Records drawn from a dataset
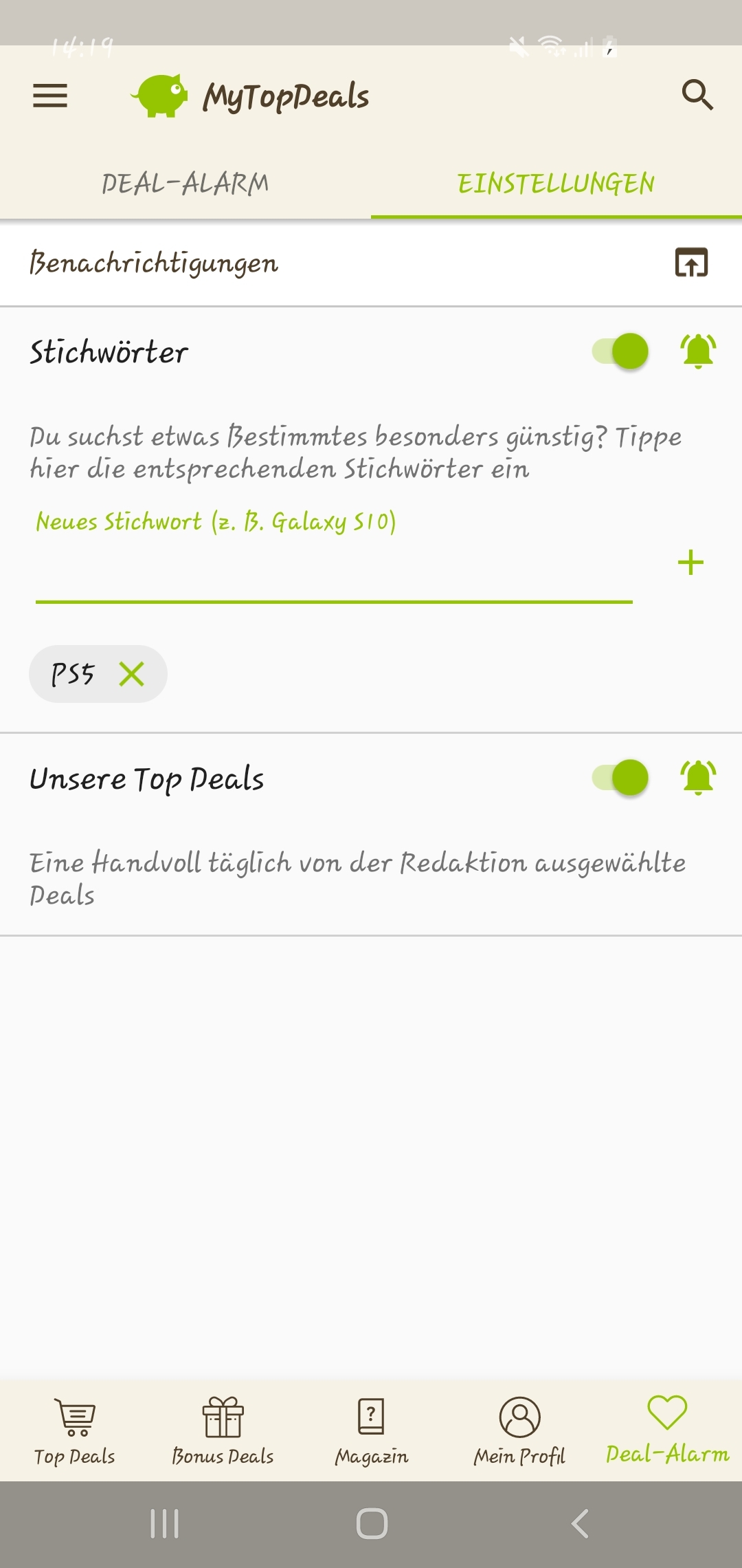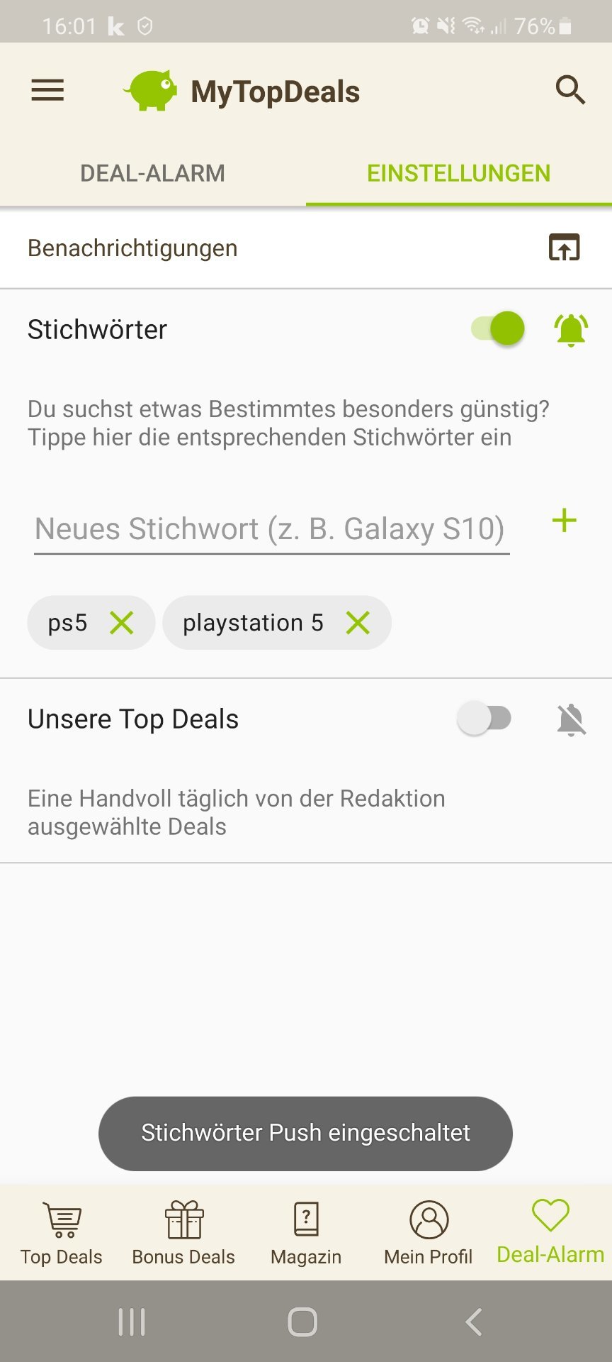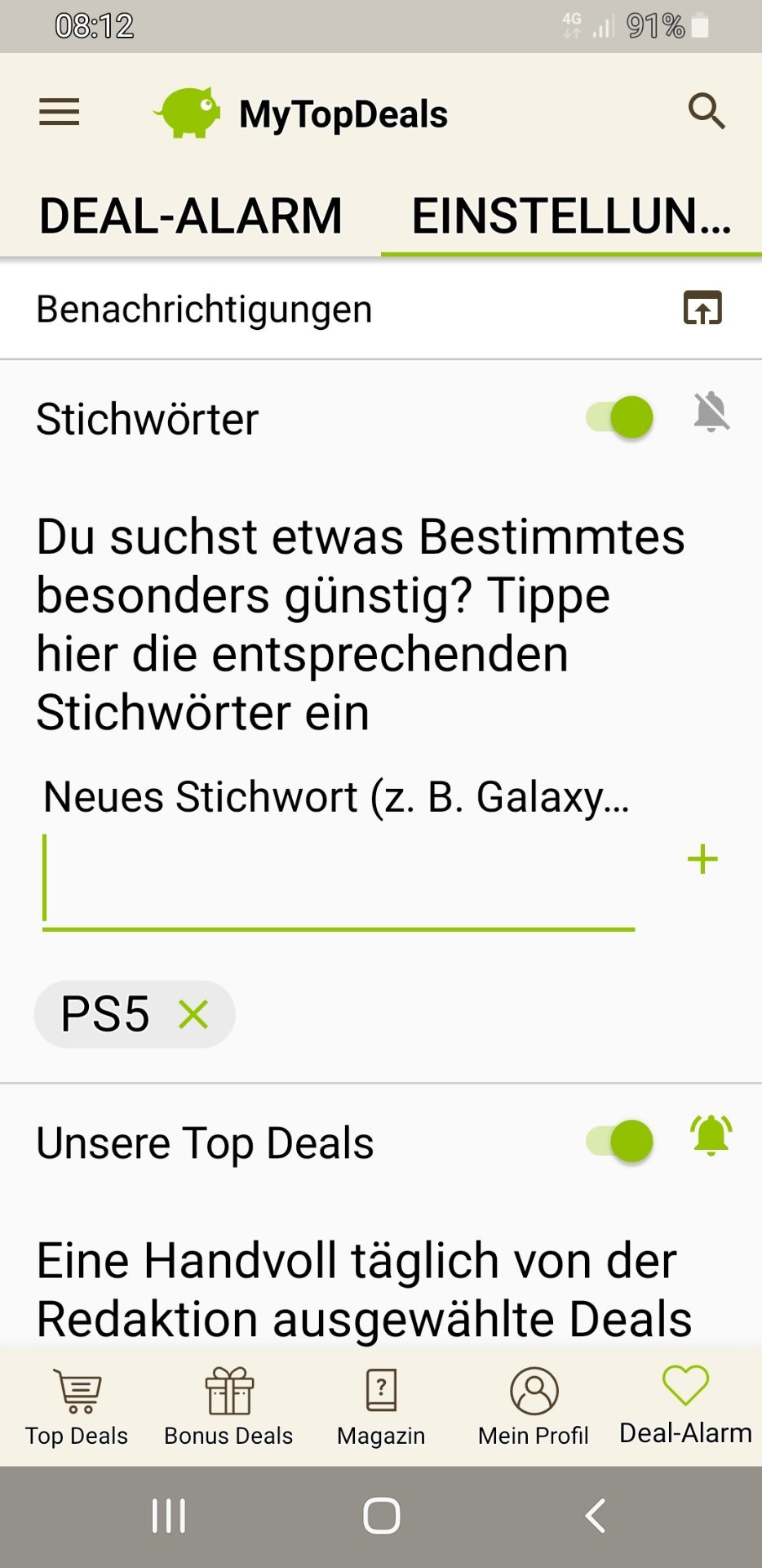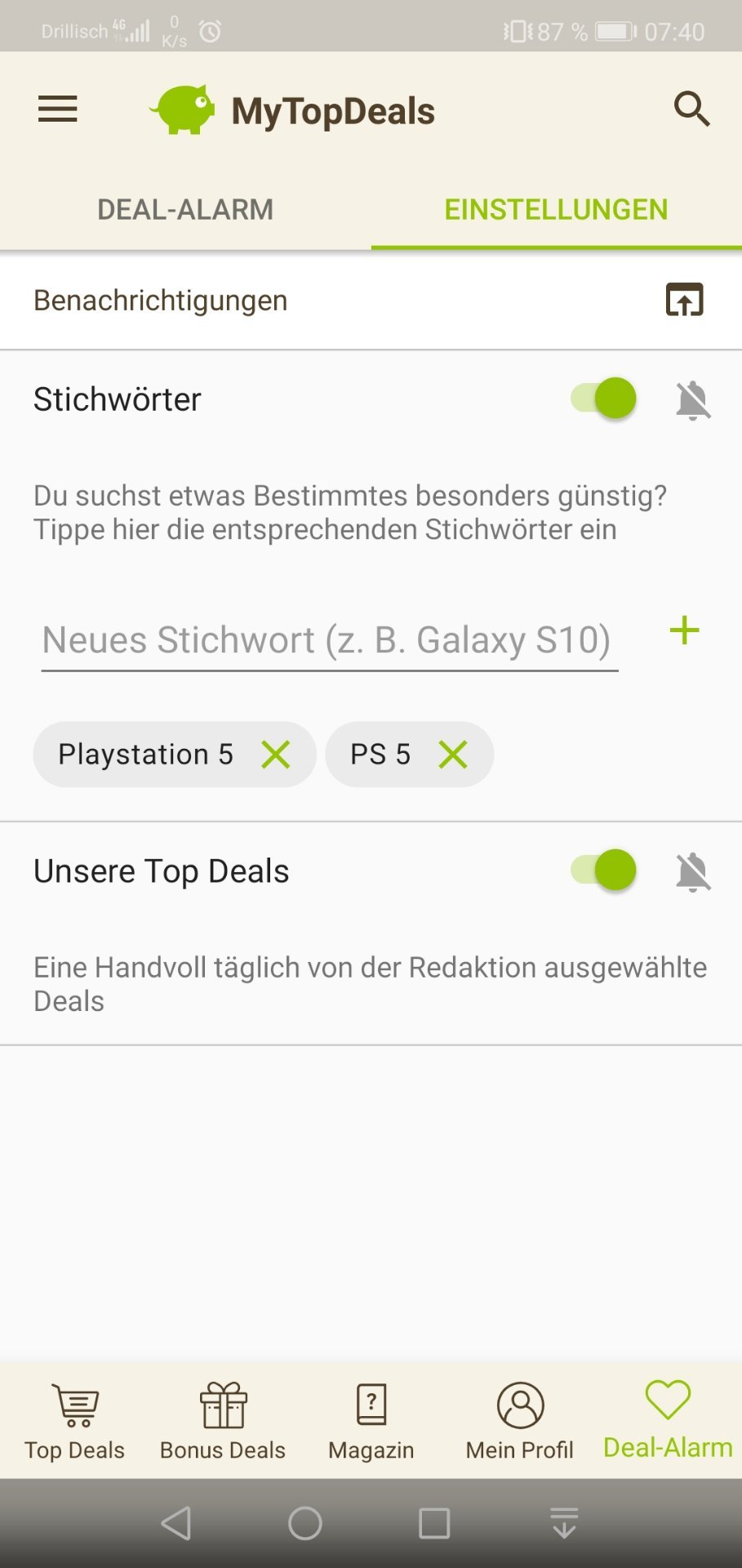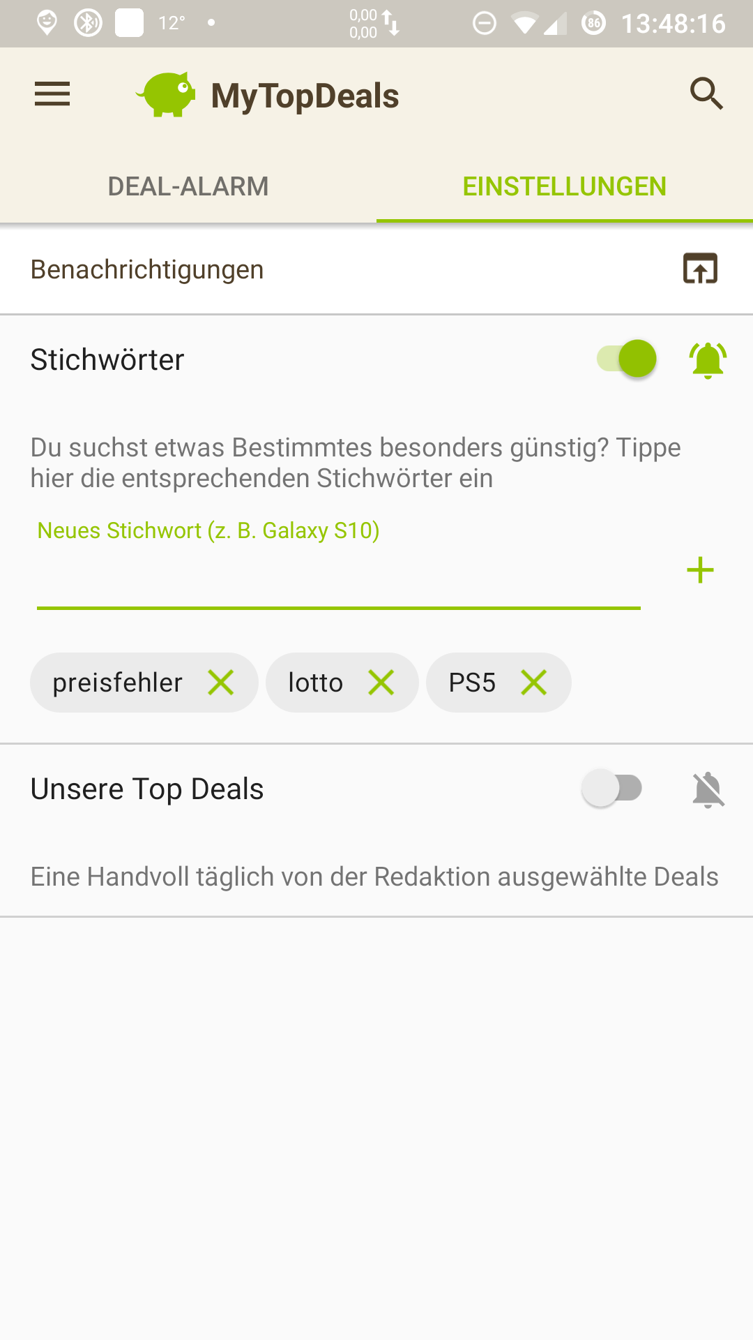 • Android: Deal-Alarm (rechts unten) > Einstellungen > > Stichwort hinzufügen (siehe Screenshot unten)
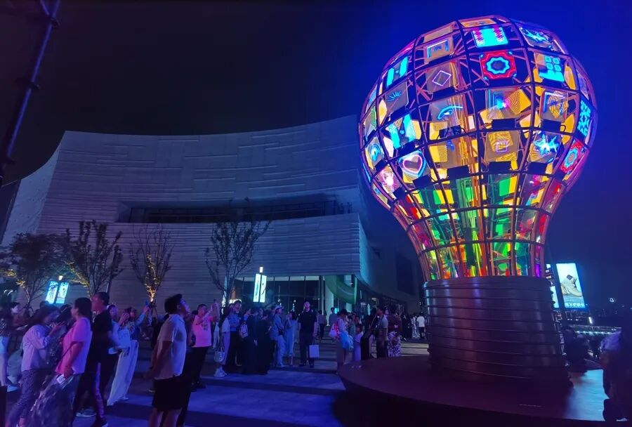 再次回到徐汇西岸,7米高的“亚”字牌“大灯泡”令人印象深刻,80块LED显示屏灵活变换图案、播放动画,不仅拍照出片,还能跟游客互动,收获众多粉丝。
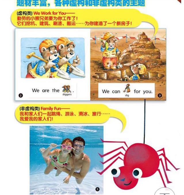 超 过10个单词,文字押韵,节奏性强,并且不断重复,符合孩子的认知规律。同时配以精美图片进行解读。让孩子们在阅读开始时不会感觉到困难,从而增强阅读的成就感,培养阅读的兴趣。
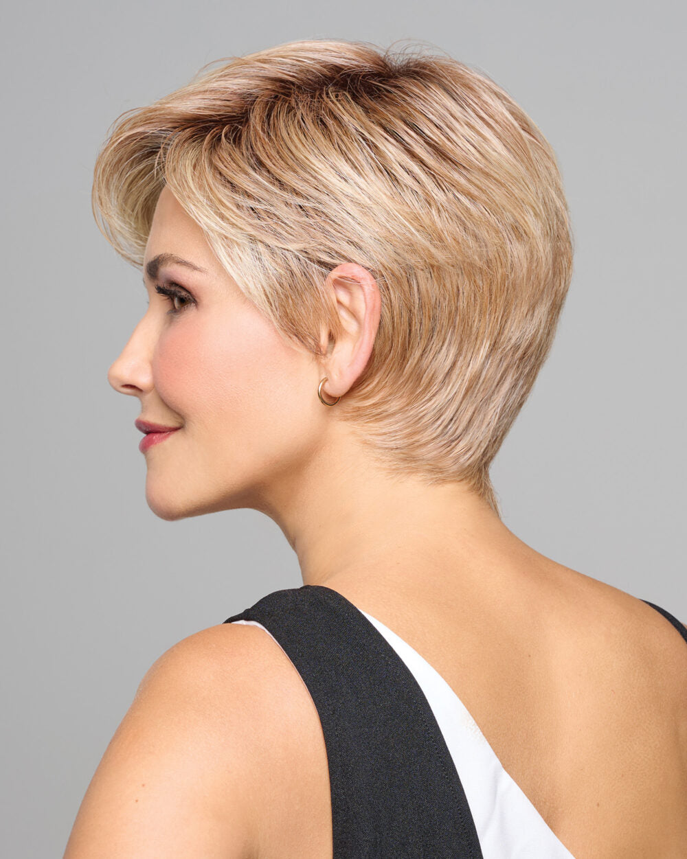 We’ve given a designer’s touch to this classic short crop of soft, razor cut layers, adding an asymmetrical fringe that looks flattering whether brushed away from the face or forward. The ultra-light cap is so comfortable, you’ll forget you’re wearing a wig at all.
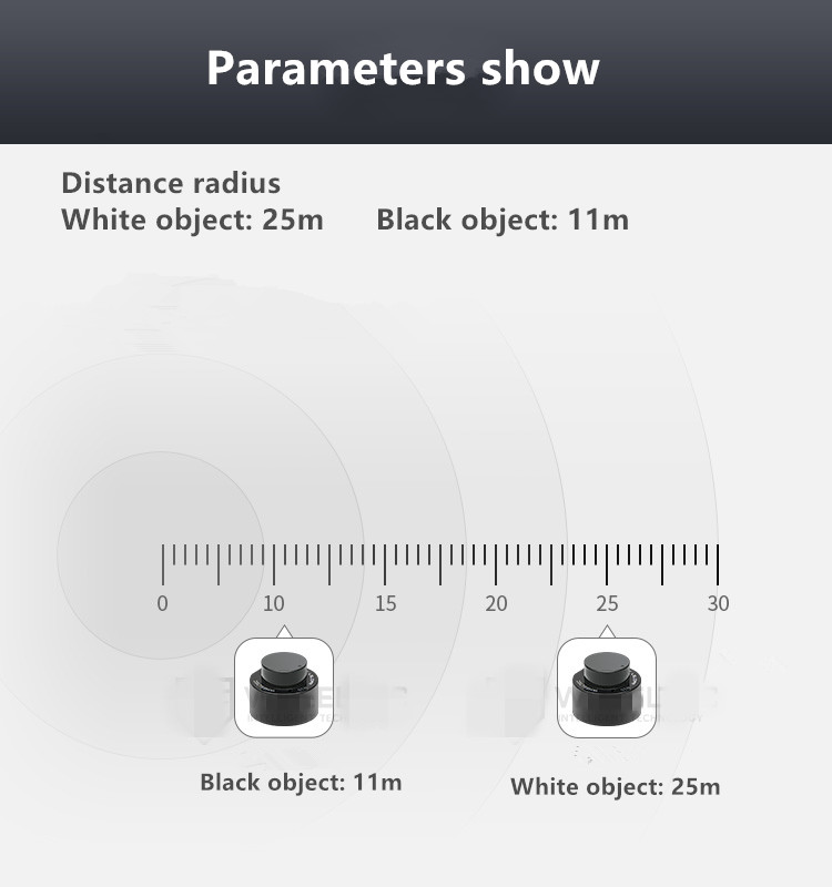 - Measuring Radius: White Object: 25m/82ft; Black Object: 11m/36.1ft
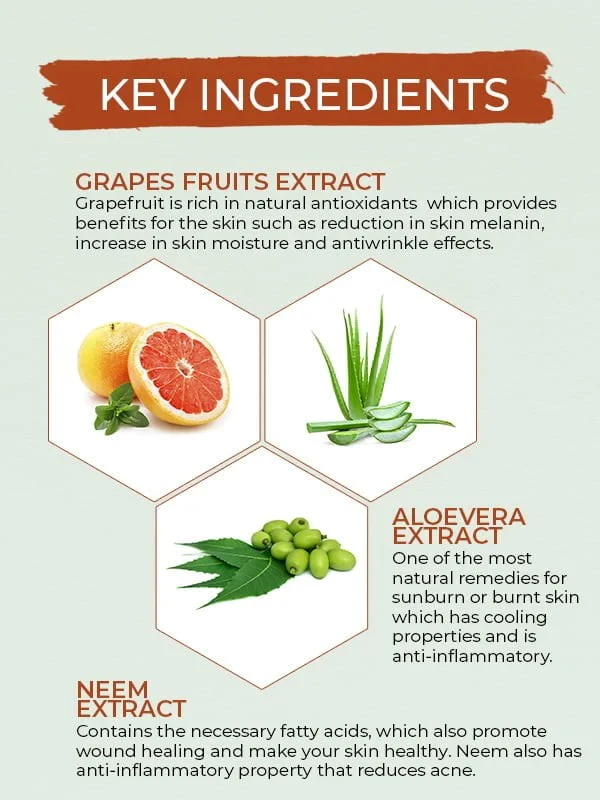 Aloevera Extract is one of the most natural remedies for sunburn or burnt skin which has cooling properties and is anti-inflammatory. It helps to moisturize the skin, fights against skin-aging, reduces infection and acne and also lightens blemishes on the face.
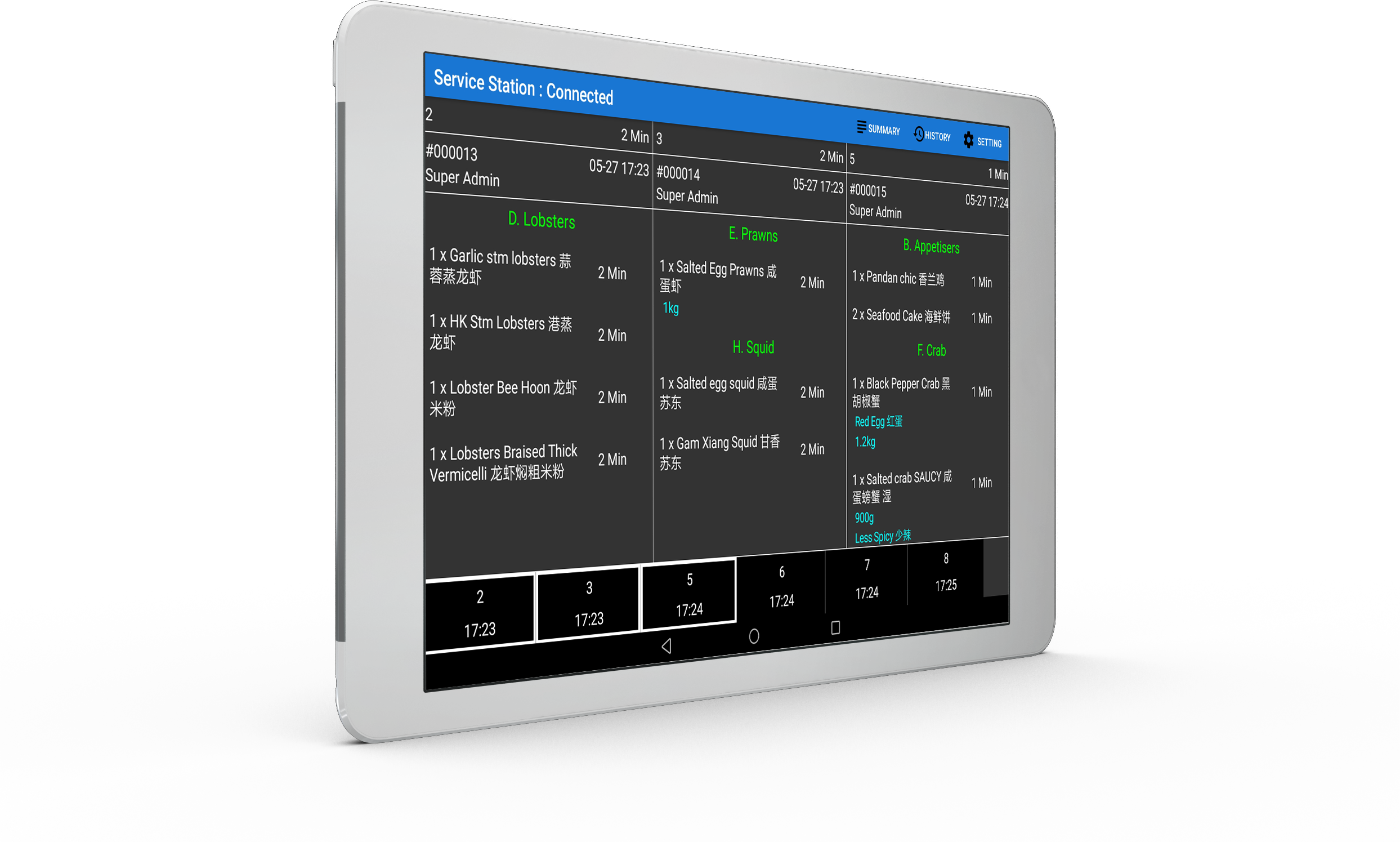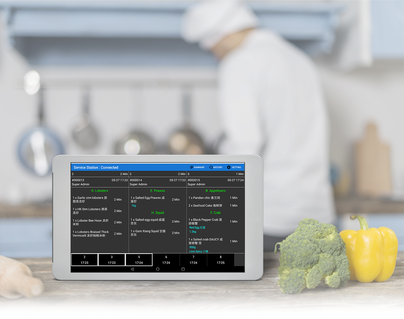 Clear the clutter of kitchen printouts with individual KDS per station in the kitchen that has colour codes tracking time lapsed since order.

**What you will do:** An exact copy of the entries above is required, with the pictures left out.

**Result for this task:**
 • Android: Deal-Alarm (rechts unten) > Einstellungen > > Stichwort hinzufügen (siehe Screenshot unten)
 再次回到徐汇西岸,7米高的“亚”字牌“大灯泡”令人印象深刻,80块LED显示屏灵活变换图案、播放动画,不仅拍照出片,还能跟游客互动,收获众多粉丝。
 超 过10个单词,文字押韵,节奏性强,并且不断重复,符合孩子的认知规律。同时配以精美图片进行解读。让孩子们在阅读开始时不会感觉到困难,从而增强阅读的成就感,培养阅读的兴趣。
 We’ve given a designer’s touch to this classic short crop of soft, razor cut layers, adding an asymmetrical fringe that looks flattering whether brushed away from the face or forward. The ultra-light cap is so comfortable, you’ll forget you’re wearing a wig at all.
 - Measuring Radius: White Object: 25m/82ft; Black Object: 11m/36.1ft
 Aloevera Extract is one of the most natural remedies for sunburn or burnt skin which has cooling properties and is anti-inflammatory. It helps to moisturize the skin, fights against skin-aging, reduces infection and acne and also lightens blemishes on the face.
 Clear the clutter of kitchen printouts with individual KDS per station in the kitchen that has colour codes tracking time lapsed since order.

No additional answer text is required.